The device is made of molded plastic and have a stainless steel spring.

AI/ML Overview

The provided text describes a 510(k) premarket notification for the Safe'n'Sound® Staked Passive Delivery System - Plajex® version, which is an anti-needle stick accessory for prefilled syringes. This document primarily focuses on demonstrating substantial equivalence to a predicate device through design changes, bench testing, biocompatibility testing, and simulated clinical use studies.

However, the document does not contain detailed acceptance criteria or a study proving the device meets those criteria in the typical format of a diagnostic AI/ML device study. Instead, the performance testing focuses on showing the device functions as intended and is substantially equivalent to a predicate device, primarily addressing mechanical and safety aspects of a medical device, not diagnostic accuracy.

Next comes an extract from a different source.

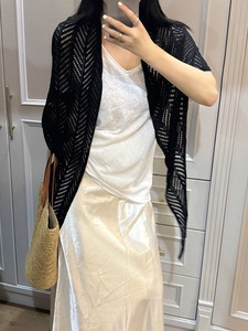 自制镂空针织披肩三角巾女夏季薄披肩麻感罩衫防晒空调衫冰丝披肩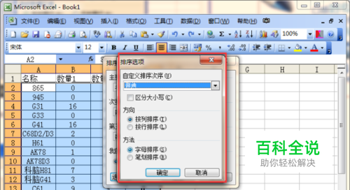 05、接着点击窗口中的“选项”按妞,在打开的排序窗口中,可以设置“按字母排序”和“笔划排序”,根据我们的实际情况进行选择。然后再点击“确定”按钮。如图所示;

Therefore, for your specific requests, much of the information, particularly points 2-5, 7-9 which pertain to AI/ML device studies, is not present in the provided text. I will answer what is available and indicate when information is not provided.

1. A table of acceptance criteria and the reported device performance

The document states that performance testing was conducted according to ISO standards, but it does not specify quantitative acceptance criteria or detailed reported device performance in a table format.

Acceptance Criteria and Reported Device Performance (as inferred from the document):

Acceptance Criteria (Inferred from Standards)	Reported Device Performance (Summary from Document)
For Performance Testing (ISO 23908:2011, ISO 7886-4, ISO 8537):	- "It confirmed the product functions as intended and is substantially equivalent to the predicate device."
- Device functions as intended
- Substantial equivalence to predicate device (K141664)
For Biocompatibility Testing (ISO 10993-5, ISO 10993-10):	- "Biocompatibility testing performed demonstrates that the product meets ISO 10993-5 and ISO 10993-10 requirements."
- Compliance with ISO 10993-5 (Cytotoxicity)	- "Biocompatibility tests conducted (cytotoxicity, irritation and sensitization) demonstrate that Safe'n'Sound® Plajex® version including EFF is biocompatible..."
- Compliance with ISO 10993-10 (Irritation and Skin Sensitization)
For Simulated Clinical Use Testing (Guidance for Industry and FDA Staff for Medical Devices with Sharps Injury Prevention Features dated August 9, 2005, and ISO 23908:2011):	- "It confirmed that the Safe'n'Sound® Staked Passive Delivery System - Plajex® version could be used to shield needles inside the protection device after use."
- Ability to shield needles inside the protection device after use to prevent accidental needle sticks	- "It demonstrates that the device is as safe, as effective, and performs as well as the predicate device."

2. Sample sized used for the test set and the data provenance (e.g. country of origin of the data, retrospective or prospective)

The document does not specify the sample sizes (number of devices tested) for the performance, biocompatibility, or simulated clinical use studies. It also does not provide information on the data provenance such as country of origin or whether the studies were retrospective or prospective.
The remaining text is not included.